▶ **RECORDS TO PROCESS**
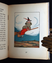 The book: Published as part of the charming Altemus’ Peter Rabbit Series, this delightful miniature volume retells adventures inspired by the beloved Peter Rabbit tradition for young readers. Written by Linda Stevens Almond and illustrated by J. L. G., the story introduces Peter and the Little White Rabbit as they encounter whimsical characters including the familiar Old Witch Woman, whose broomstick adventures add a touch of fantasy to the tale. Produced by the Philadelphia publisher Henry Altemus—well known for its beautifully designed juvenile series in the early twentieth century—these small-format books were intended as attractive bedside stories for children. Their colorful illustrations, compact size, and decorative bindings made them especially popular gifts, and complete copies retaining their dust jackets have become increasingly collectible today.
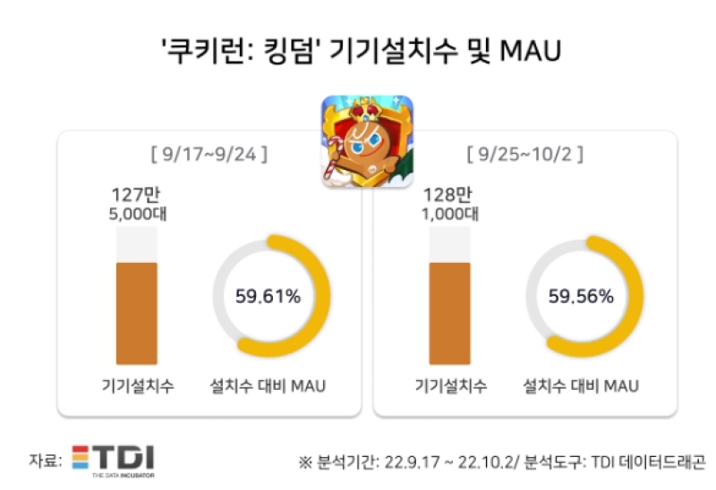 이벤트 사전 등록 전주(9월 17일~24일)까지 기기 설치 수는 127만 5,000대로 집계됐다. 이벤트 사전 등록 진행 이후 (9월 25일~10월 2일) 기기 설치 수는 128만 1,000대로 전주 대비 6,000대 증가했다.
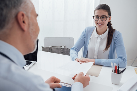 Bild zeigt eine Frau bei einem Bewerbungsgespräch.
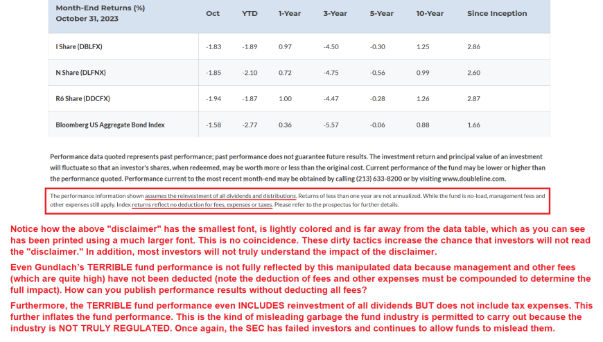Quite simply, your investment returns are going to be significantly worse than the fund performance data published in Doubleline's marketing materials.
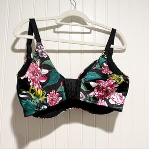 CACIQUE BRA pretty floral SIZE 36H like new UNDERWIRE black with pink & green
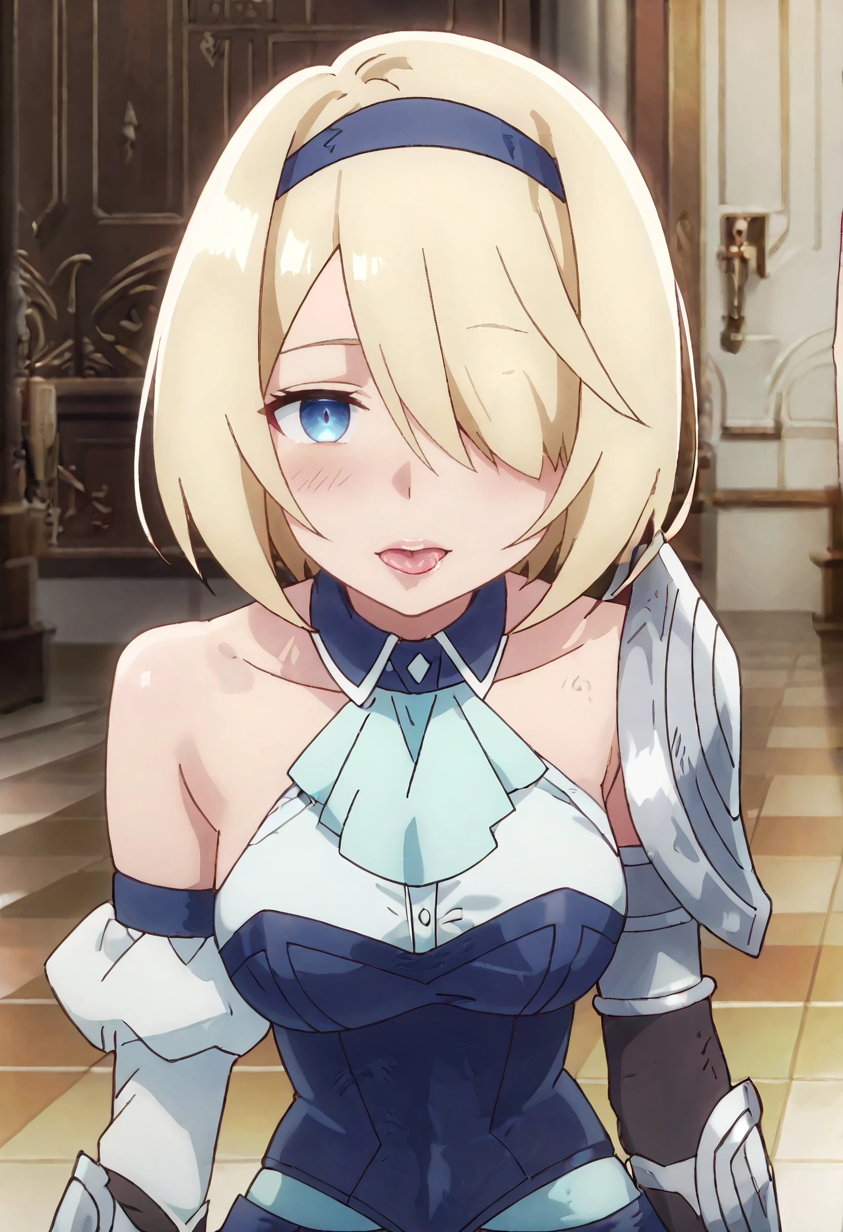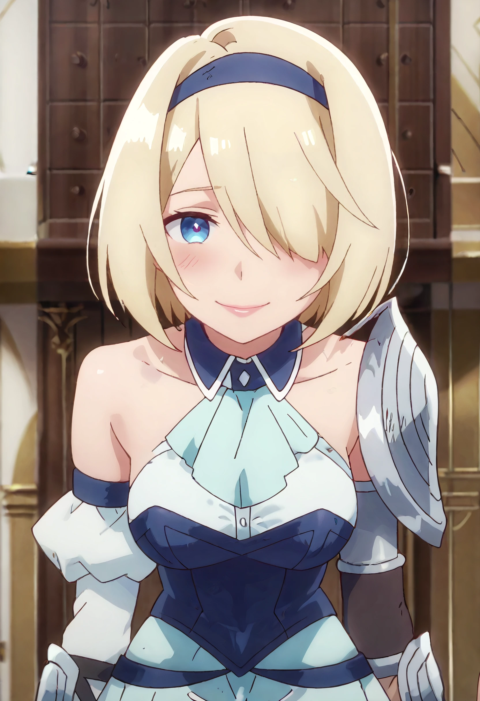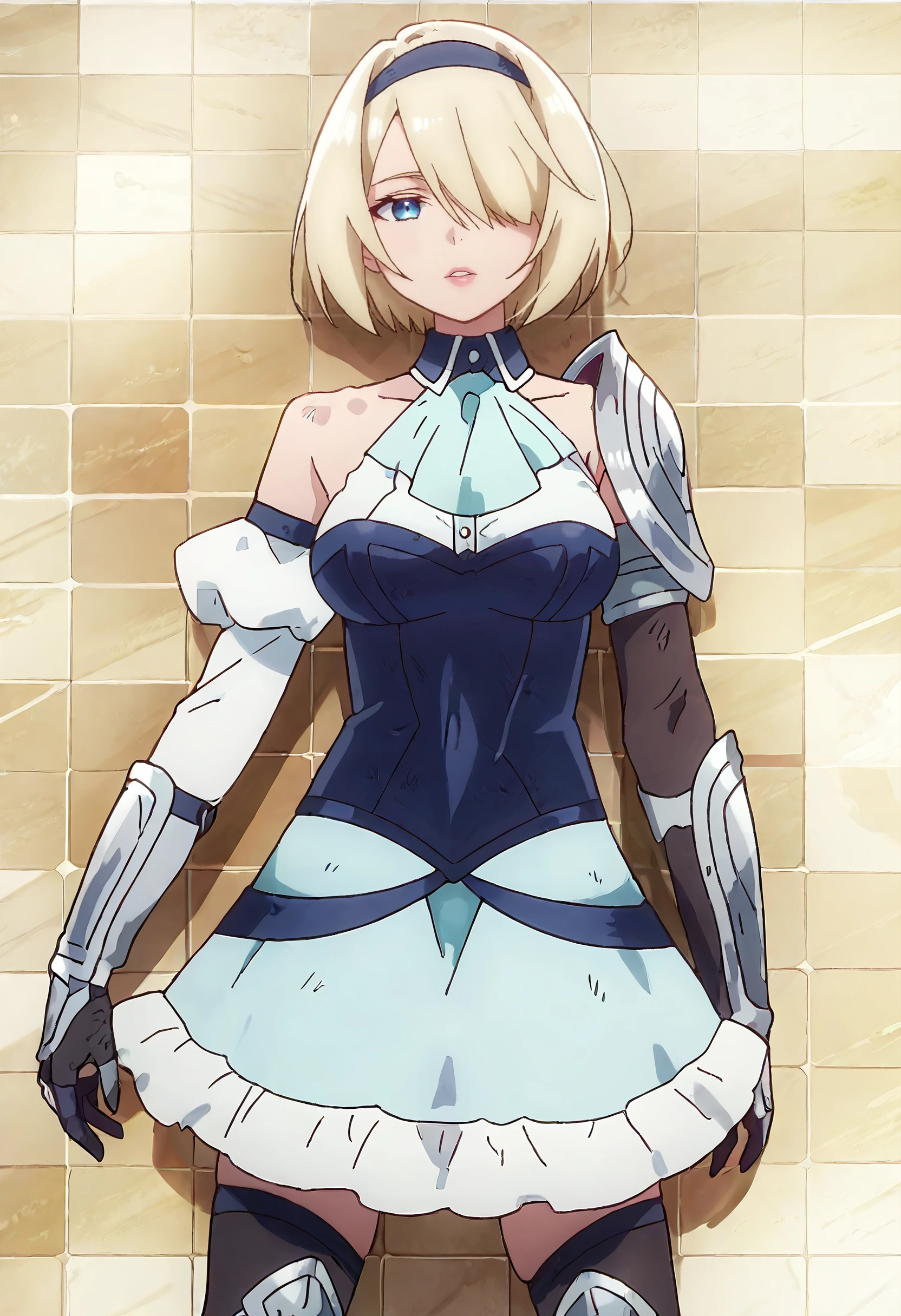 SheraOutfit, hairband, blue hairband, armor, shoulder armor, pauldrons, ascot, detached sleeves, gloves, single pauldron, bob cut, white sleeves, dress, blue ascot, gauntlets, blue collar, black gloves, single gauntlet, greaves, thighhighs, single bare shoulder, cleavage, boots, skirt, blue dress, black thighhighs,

▶ **PROBLEM DETAILS**
Beginning at the line that contains "Bild zeigt eine", give the remaining lines of the records again exactly, through the last one. Leave out pictures.

▶ **SOLUTION TO THIS TASK**
 Bild zeigt eine Frau bei einem Bewerbungsgespräch.
Quite simply, your investment returns are going to be significantly worse than the fund performance data published in Doubleline's marketing materials.
 CACIQUE BRA pretty floral SIZE 36H like new UNDERWIRE black with pink & green
 SheraOutfit, hairband, blue hairband, armor, shoulder armor, pauldrons, ascot, detached sleeves, gloves, single pauldron, bob cut, white sleeves, dress, blue ascot, gauntlets, blue collar, black gloves, single gauntlet, greaves, thighhighs, single bare shoulder, cleavage, boots, skirt, blue dress, black thighhighs,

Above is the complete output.